Republicans have thrown up a nearly endless series of reasons why it would be an unprecedented moral outrage for Democrats to use budget reconciliation to amend health care legislation: reconciliation has never been used for major policy, it's never been used for health care, it's only been used for deficit reduction. All these arguments have been debunked. Finally, former Republican advisor Martin Gold has a new reason why this use of reconciliation would be so unprecedented:

Republicans have used the tool frequently and for far more than just minor fiscal adjustments. But Gold believes the reason Democrats will deploy the strategy is blatantly political — in “express defiance of an election outcome” — and would set a negative precedent in the Senate.

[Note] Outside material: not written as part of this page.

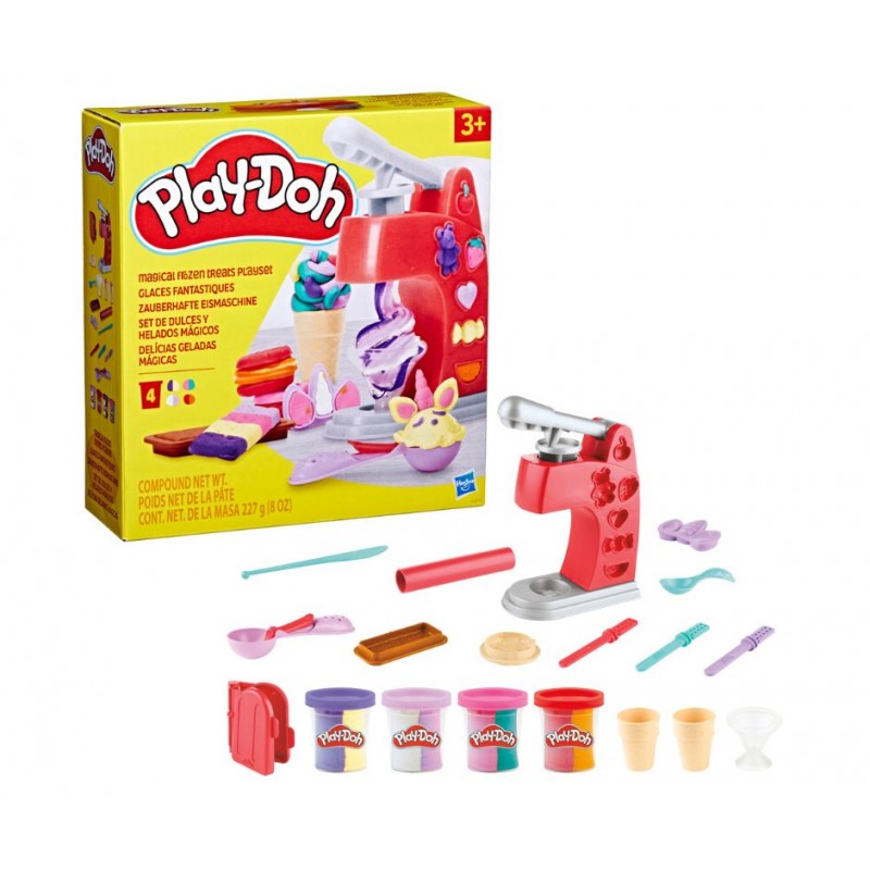 Креативний набір із нетоксичною масою для ліплення (імовірно, Play-Doh, позначений як PD). Набір містить формочки, преси та аксесуари (наприклад, ріжки, тарілочки), необхідні для створення різноманітних видів "морозива". Стимулює рольову гру та розвиває дрібну моторику.

Well, it's a distinction. Reconciliation may have been previously used for major policy changes, health care reform, or measures that (unlike health care reform) are scored as increasing the deficit. But, it's true, it's never previously been used in "express defiance of an election outcome." I have a hard time understanding why this distinction would suddenly render reconciliation unthinkable. But of course, this is the sort of logic that you come up with when you're justifying partisan hypocrisy. No two episodes are ever exactly alike. If you want to explain why it's wrong for the other party to employ a tactic your party used, if you look hard enough, you can always find some difference in circumstance and hold that up as the key distinction.

This sort of faux moral scrupulousness is just a tool for parties to turn Congressional rules and procedures into a tactical advantage for achieving their policy goals. You think I'm hurling an unfair accusation at Gold? Here's an advertising pitch for a lobbying seminar Gold (who works for Covington and Burling) held on behalf of the American League of Lobbyists:

Can you turn Congressional rules and procedures into a tactical advantage for achieving your policy goals? Absolutely!

Sounds like just the sort of ethical arbiter we should be paying attention to.